Return all the dates we should have actual history values.

history_dates_actual()

Return all the dates we have actual history values.

history_dates_eventual()

Return all the dates we will eventually have history values.

history_df(fields: list[str] = None, data_point: sigtech.framework.infra.data_adapter.common.DataPoint = None, multicolumn: bool = None) deprecated

Return the object history dataframe.

Parameters
  • fields – list of fields. If not supplied, self.history_fields will be used

  • data_point – optional data point used to load the object history.

  • multicolumn – Deprecated input.
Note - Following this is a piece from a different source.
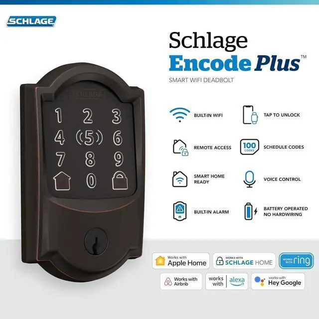 ANYWHERE ACCESS: With built-in WiFi compatibility, you can easily and securely connect your Schlage Encode Plus lock to your home WiFi network to control and monitor your home from anywhere with the Schlage Home app

This will be removed in future releases.

Returns

pd.DataFrame.

history_end_date() datetime.date

Eventual history end date, truncated to the as of date - the day on which history should end.

history_end_date_actual()

The last date we have an actual value for.

history_end_date_eventual() datetime.date

Last date for which data will be available - typically date.max if no end date set.
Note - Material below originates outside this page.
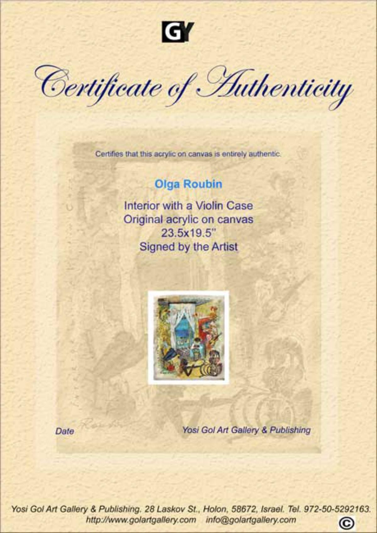 Artist: Olga Roubin. Medium: Original Acrylic On Canvas. Title: Violin Case. Size (Unframed): 23.5" x 19.5". Certificate of Authenticity: From the publisher. Reference# 10256.

history_end_timestamp() pandas._libs.tslibs.timestamps.Timestamp
Returns

First timestamp for which data should be available

property history_fields: list[str]

The fields of history retrieved for this instrument.
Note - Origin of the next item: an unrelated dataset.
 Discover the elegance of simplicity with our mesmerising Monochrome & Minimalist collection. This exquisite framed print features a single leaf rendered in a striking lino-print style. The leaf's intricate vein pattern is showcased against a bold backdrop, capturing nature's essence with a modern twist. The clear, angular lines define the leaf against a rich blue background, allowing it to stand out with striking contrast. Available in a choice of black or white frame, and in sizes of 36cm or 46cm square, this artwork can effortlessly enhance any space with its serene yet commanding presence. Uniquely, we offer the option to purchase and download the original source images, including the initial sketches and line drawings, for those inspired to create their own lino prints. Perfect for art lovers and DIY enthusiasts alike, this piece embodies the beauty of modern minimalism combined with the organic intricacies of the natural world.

history_schedule() sigtech.framework.schedules.schedule.Schedule

Object describing dates on which history is available and the corresponding delivery times.

Returns

History schedule instance for the instrument.

history_start_date() datetime.date

First date for which data should be available.

history_start_timestamp() pandas._libs.tslibs.timestamps.Timestamp
Returns

First timestamp for which data should be available

html_report()

Abstract method to add a custom html report to the strategy. This can be viewed when deployed.

The method should return a html string.

property identifier: sigtech.framework.infra.data_adapter.identifier.Identifier

Return the object identifier.

info() dict

Return a dictionary with useful object information.

property input_parameters

Values of initial input parameters entered when creating the instance.

property inspect

Return an InspectWrapper interface to inspect positions and actions of a strategy.

instrument_execution_dt_from_datetime(instrument, dt)

Return the earliest execution point of the instrument after the input decision datetime.

Parameters
  • dt – Input datetime.

  • instrument – Target instrument object to be traded.

Returns

Datetime.

property instrument_type

Classification using class name of strategies.

property internal_id

Ticker - i.e. part of name determining content of the class. For types with saved reference data - ticker will be self._ticker. For software types - ticker should be calculated.

intraday_history(field=None, period=None, start_dt=None, end_dt=None, daily_timeseries_time=None, daily_timeseries_tz=None, filter_by_trading_sessions=False, timezone=None, convert_yield_to_price=True)

Retrieve intraday history for this instrument as a Series.

Parameters
  • field – field name in self.intraday_history_fields.

  • period – a dtm.timedelta giving the desired periodicity of the data.

  • start_dt – optional tz-aware dtm.datetime giving a desired start point.

  • end_dt – optional tz-aware dtm.datetime giving a desired end point.

  • daily_timeseries_time – if supplied, the intraday data will be down-sampled to daily data snapped at this time.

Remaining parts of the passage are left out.